TensorRT-RTX API Capture and Replay streamlines the process of reproducing and debugging issues within your applications. It allows you to record the engine-building phase of an application and later replay the engine-building steps, without needing to re-run the original application or access the model’s source code.

This process is facilitated by two key components:

Capture Shim (libtensorrt_shim.so): This is a library that you can preload or drop into your application. It works by intercepting all TensorRT-RTX API calls made during the network-build phase. These intercepted calls, along with any associated constants, are then saved as a pair of files: a JSON file for the API calls and a BIN file for the constants.

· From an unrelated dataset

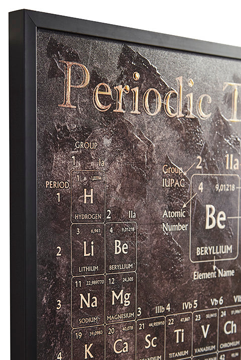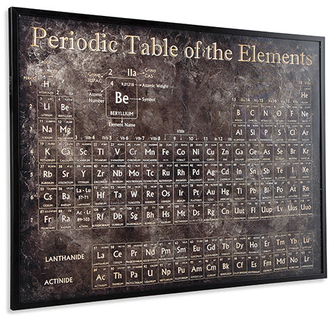 This black and white artwork is just the right formula for showcasing your brilliant sense of style. The gallery wrapped canvas of the periodic table features hand embellishing for an authentic look.

Player (tensorrt_player): This is a standalone executable that takes the recorded JSON and BIN files generated by the Capture Shim and uses them to rebuild the TensorRT-RTX engine. This means you can recreate the engine that was built during the original application run, differing only in details related to timing differences during auto-tuning, aiding significantly in troubleshooting and debugging. Or, use it to recreate an engine-build failure.

Getting Started#

The feature is currently restricted to Linux. There are two ways to run the capture step.

  1. Capture using LD_PRELOAD, however, if the user application uses dlopen and dlsym to load the TensorRT-RTX library and map its c-functions (exposed by extern C) to the process address space, then you must use the drop-in replacement approach.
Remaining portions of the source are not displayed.